Так или иначе, Эндрю передумывает. Не видно, как это решение созревает — просто что-то меняется в его позе, в напряжении плеч, в чуть заметном движении нижней челюсти. Он отворачивается, нащупывает на стене выключатель, и раздается резкий щелчок, который разрушает всю магию темноты, весь гипнотический покой вечера, всю иллюзию интимности, созданную мерцанием проектора и общими словами. Яркий, холодный, безжалостный свет люстры врывается в ванную Эндрю, заливая все резкими тенями, и отголоском пробивается сквозь стекло, освещая и половину комнаты Нила.

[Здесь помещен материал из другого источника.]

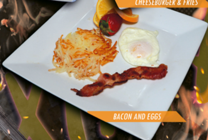
BACON AND EGGS
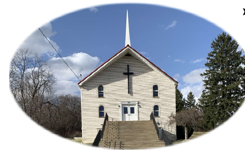
Sacred Heart Church Hopedale
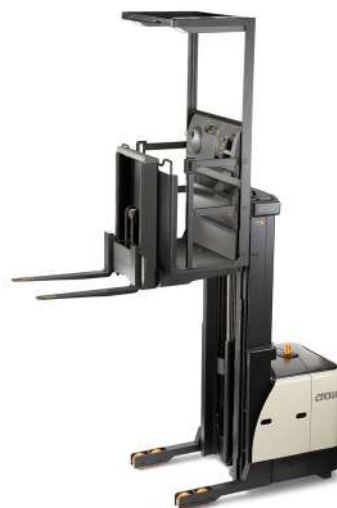
SP 3500 Stockpicker with Lifting Forks Load Capacity: 1000 kg Lift Height: 4215 to 9600 mm
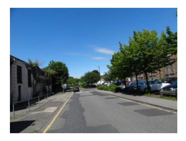
Tree planting improves the street scene

There are also a surprising number of trees within the industrial area. Located within private forecourts they serve to soften the street scene and improve frontages where built form is set back.
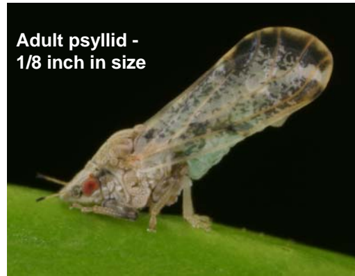
Adult psyllid - 1/8 inch in size
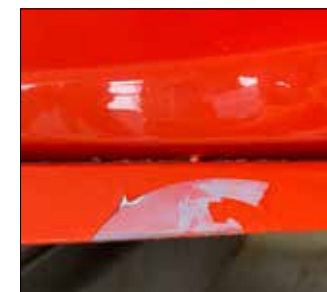
plastic - no adhesion promoter required
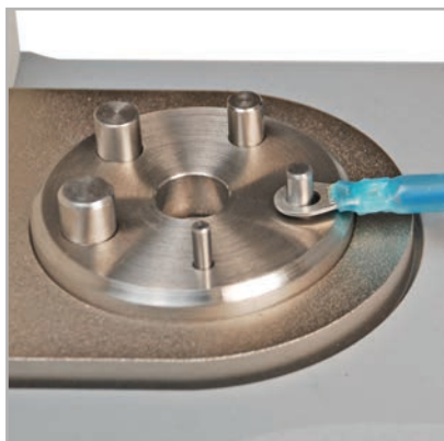
WT3002 Ring terminal fixture

Secures ring terminations. Pin diameters from 1/8 to 3/8 in [3.2 to 9.5 mm].
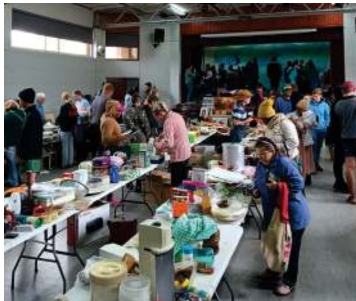
The white elephant market was held in the School hall
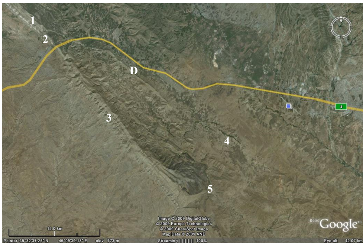
Fig.2: Google Earth image showing
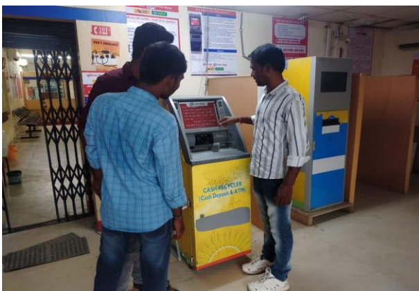
Dept. Of Computers Field Trip to ATM Centre
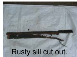
Rusty sill cut out.

The small boss that connected to the indicator stalk had broken off. A second hand wheel from an auto jumble was fitted in the straight-ahead position and the drag link adjusted to suit. The steering now turned from lock to lock and came up against the lock stops with the road wheels just clear of the suspension arms.
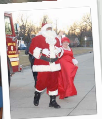
Santa and Mrs. Claus hop off of the fire truck to greet the children cheering outside of the 21st & Opportunity Club.
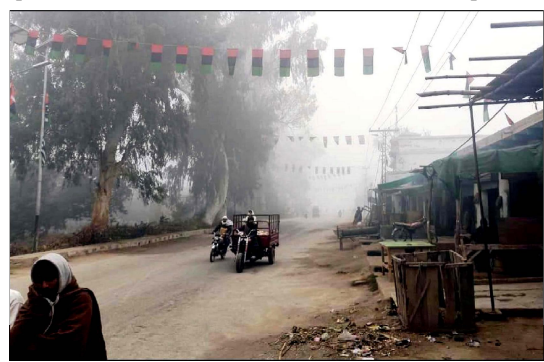
NAUNDERO: View of foggy weather on early morning on the arrival of winter season, captured over the horizon of Naundero

Deputy Commissioner/DRO Ghotki said that during the general elections, 728 polling stations will be set up for 9,10,662 voters in the district, in which 200 will be reserved for men and 200 for women, while 328 will be common. Similarly, 2620 booths will be established, of which 1381 will be for men and 1339 for women. He said that during the general elections, a total of 9,316 employees including 728 presiding officers, 5240 assistant presiding officers, and 2620 presiding officers will perform their duties. pay. On this occasion, he directed the DHO and said that a health emergency plan should be prepared in connection with the general elections, all the ambulances should be operational and any kind of negligence in this regard will not be acceptable.
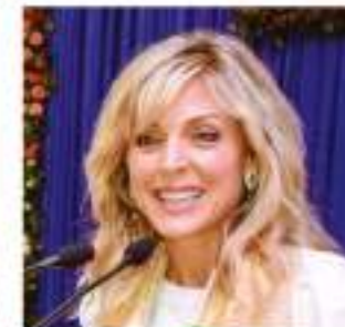
Ms. Maria Maples Actress & TV Personality, USA
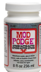
SPECIALTY MOD PODGE: GLITTER, AND GLOW-IN-THE- DARK
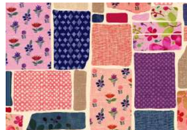
FABRIC D CX9258-MULTI PATCHWORK DELIGHT 5/8 YARD
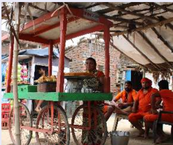
In picture: Bebi Kumari Village: Shahpur Block: Warsaliganj District: Nawada
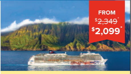
FREE INTERNET FREE BEVERAGE PACKAGE

Enjoy 7 nights aboard Holland America Line's ms Westerdam and 4 nights on land. You'll cruise the Gulf of Alaska and the Inside Passage—a sea lane teeming with marine wildlife, where you'll pass glaciers, mountains, and lush forests, with stops in Ketchikan, Skagway, and Glacier Bay. On land, you'll go deep into Denali National Park, tour Anchorage, and see the Alaska Wildlife Conservation Center.
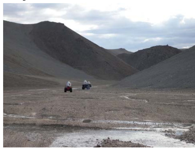
Fig. 19: An example of the treacherous driving conditions on Devon Island. Brian Shiro, Vernon Kramer, and Joe Palaia are shown riding the ATVs.

The first observation concerns the psychological makeup of the 2009 FMARS crew with regards to personal safety and risk. As is the case with most explorers and adventurers, 18 the members of the 2009 FMARS crew tended to be individuals who were very comfortable with a certain degree of risk. The potential for danger was quite evident on Devon Island; quicksand type mud, polar bear encounters, extreme weather conditions, riding all terrain Vehicles (ATVs) on steep rocky terrain, and atypical travel conditions were all possible situations crew members might encounter. These dangers were understood and accepted by all crew members, but this ability to accept risk seemed to translate into a willingness to take some unnecessary risks. There were times when crew members chose to ride ATVs on hazardous terrain (Fig. 19) without helmets, went to get water without a spotter to help watch for polar bears, climbed the satellite tower without a harness, or rode on the back of an ATV, which was expressly prohibited by a safety
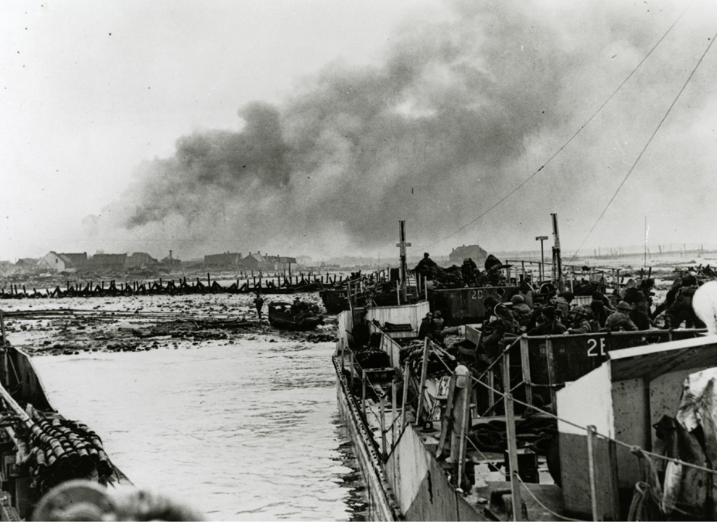
A landing vessel with British commando's of 47 RMC and a Dutch unit approaches Westkapelle, 1 November 1944
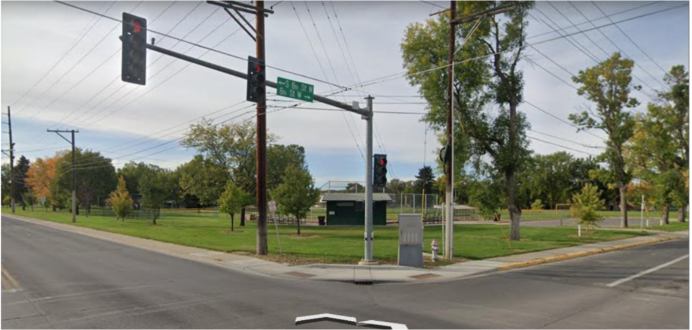
Subject of photo: Central Park, 901 Central Ave., Billings, MT 59101

Photocopy this page for additional photos

Нил щурится, морщась от внезапной, режущей боли в не привыкших к яркости глазах; он закрывает их ладонью, чувствуя, как под веками пляшут цветные, кислотные пятна — остатки яркого образа. Он потирает переносицу большим и указательным пальцами, с силой надавливая на кость, пытаясь прогнать это неприятное послесвечение, вернуть себе четкость зрения, а когда он, наконец, опускает руку, веки медленно поднимаются, и его взгляд, все еще затуманенный, снова фокусируется на зеркале, он видит, что ванная Эндрю уже пуста.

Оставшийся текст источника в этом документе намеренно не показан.